因此,我们专注于主动技术,即对图像施加视觉上难以察觉的改动。我们考虑以下三个标准:(1) 改动应足够微小,可通过PSNR (峰值信噪比) 等图像质量指标衡量;(2) 该技术对终端任务应保持相对中立,即使用标记数据集训练的模型准确率不应受到显著影响;(3) 该方法不应通过对失败案例的视觉分析被检测到,且能抵御数据集的重新标注。这排除了使用错误标签作为标记的技术——通过简单分析失败案例即可轻易识别此类标记。同样地,"后门"技术也容易通过异常值检测被识别和规避 (Tran et al., 2018)。

At this point, one may draw the analogy between this problem and watermarking (Cox et al., 2002), whose goal is to imprint a mark into an image such that it can be reidentified with high probability. We point out that traditional image-based watermarking is ineffective in our context: the learning procedure ignores the watermarks if they are not useful to guide the classification decision (Tishby et al., 2000). Therefore regular watermarking leaves no exploitable trace after training. We need to force the network to keep the mark through the learning process, whatever the learning procedure or architecture.

此时,人们可能会将这一问题与水印技术 (Cox et al., 2002) 进行类比,后者的目标是在图像中嵌入标记,使其能够以高概率被重新识别。
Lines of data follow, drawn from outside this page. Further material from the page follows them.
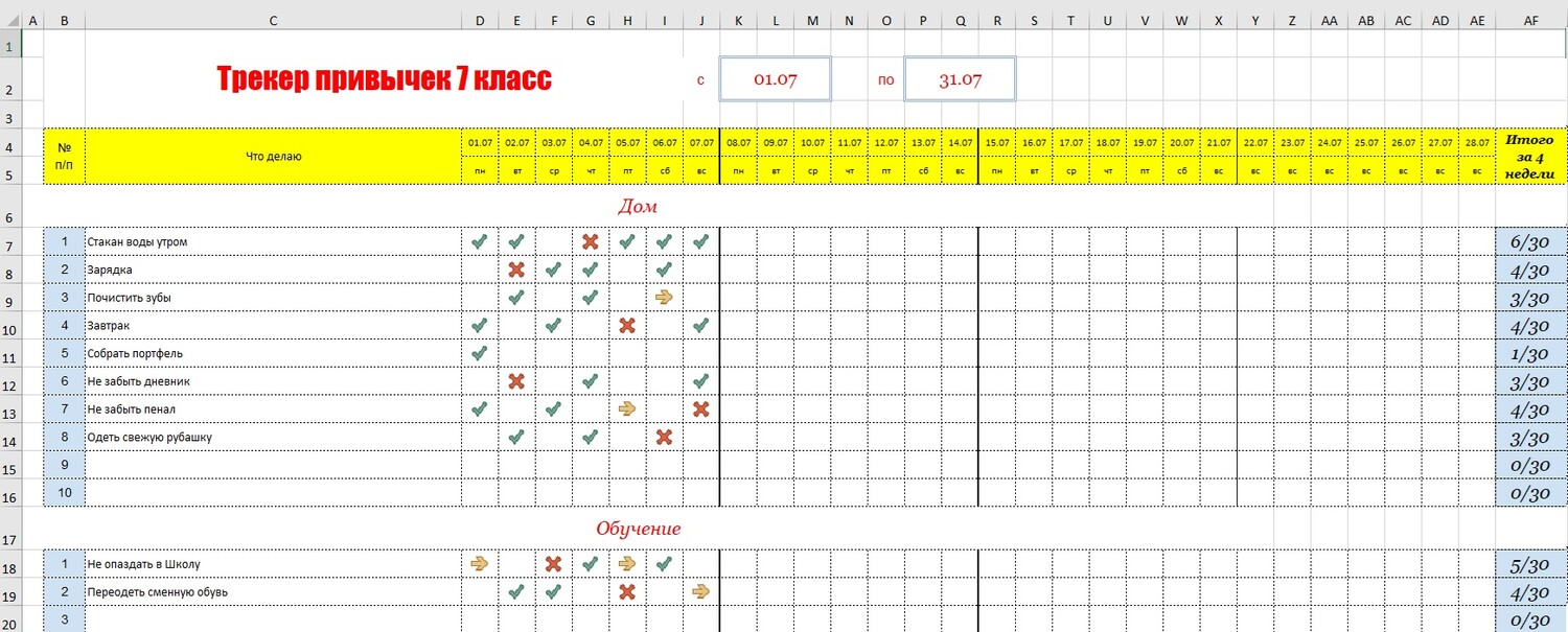| Трекер привычек 7 класс - шаблон таблица с примерами на каждый день и месяц скачать Excel / Эксель и распечатать бесплатно
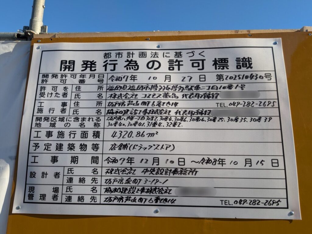 先日、こちら号外NET坂戸市・鶴ヶ島市・東松山市でお伝えいたしました、坂戸市八幡にオープン予定の「ドラッグ コスモス 坂戸八幡店」についてですが、2026年1月上旬に現地を通りかかったところ、工事の看板(都市計画法に基づく開発行為の許可標識)が付けられており、オープン予定地を確認することができました。
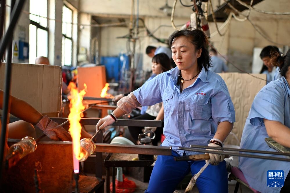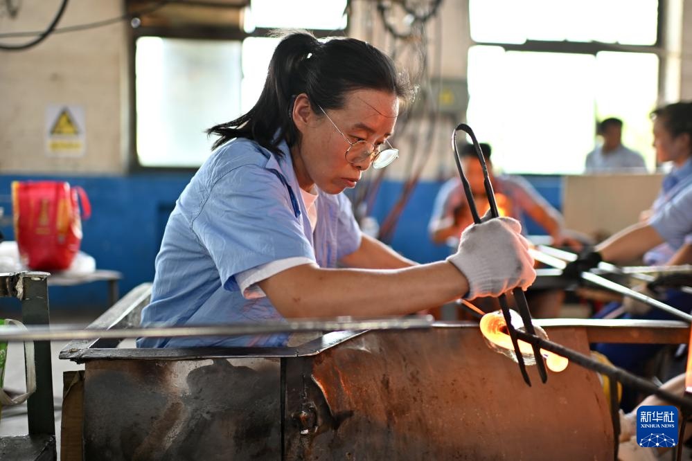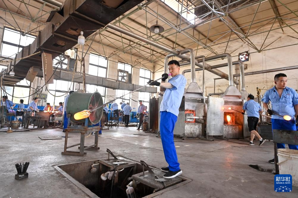 工作人员在山西省祁县山西大华玻璃实业有限公司吹制玻璃器皿(6月12日摄)。
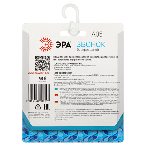 ЭРА А05 - универсальный аналоговый беспроводной дверной звонок в легком и прочном корпусе белого цвета. Наличие 38 встроенных полифонических мелодий даёт возможность выбирать звук звонка по душе. Если мелодия надоест - легко поменять на новую. Звонок придверный работает от 3 мизинчиковых батареек (3 х ААА). Стильный лаконичный корпус элегантно смотрится. Отличается упрощённой установкой - не нужно подключение к электросети. Кнопка звонка действует в радиусе 100 метров.
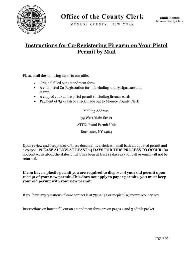 Jamie Romeo Monroe County ClerkInstructions for Registering Firearm on Your Pistol Permit by Sailplane mail the following items to our office: Original filled out amendment form A completed Registration
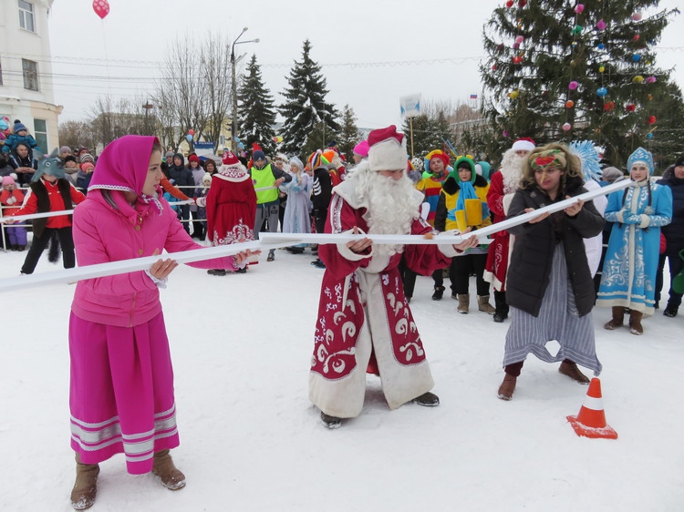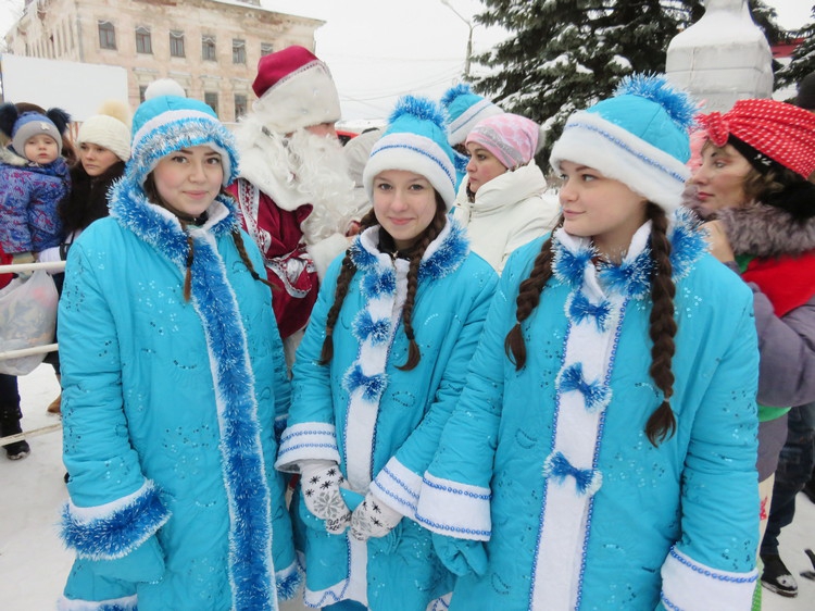Родниковцы и гости города полюбили костюмированное шествие к главной елке города, где проходят конкурсы «Дед Мороз – чемпион» и «Дед Мороз – волшебник». Деды Морозы, Снегурочки, сказочные персонажи и все желающие идут под звуки оркестра с шарами, транспарантами, выкрикивая речевки и дразнилки. В этом году их путь проходил через волшебную аллею, которую оформили снежными скульптурами.

我们指出,传统的基于图像的水印技术在此场景下是无效的:如果水印对分类决策没有指导作用,学习过程会忽略这些水印 (Tishby et al., 2000)。因此常规水印在训练后不会留下可利用的痕迹。我们需要迫使网络在整个学习过程中保留标记,无论采用何种学习流程或架构。

To that goal, we propose radioactive data. As illustrated in Figure 1 and similarly to radioactive markers in medical applications, we introduce marks (data isotopes) that remain through the learning process and that are detectable with high confidence in a neural network. Our idea is to craft a class-specific additive mark in the latent space before the classification layer. This mark is propagated back to the pixels with a marking (pretrained) network.

为了实现这一目标,我们提出了放射性数据 (radioactive data) 的概念。如图 1 所示,类似于医学应用中的放射性标记物,我们引入了在学习过程中持续存在且能在神经网络中以高置信度检测到的标记(数据同位素)。我们的核心思想是在分类层之前的潜在空间中构建一个类别特定的加性标记,并通过一个标记(预训练)网络将该标记反向传播至像素空间。

This behaviour is confirmed by an analysis of the latent space before classification. It shows that the network devotes a small part of its capacity to keep track of our “radioactive tracers”.

这种行为通过对分类前的潜在空间分析得到了证实。分析表明,网络仅用一小部分容量来追踪我们的"放射性示踪剂"。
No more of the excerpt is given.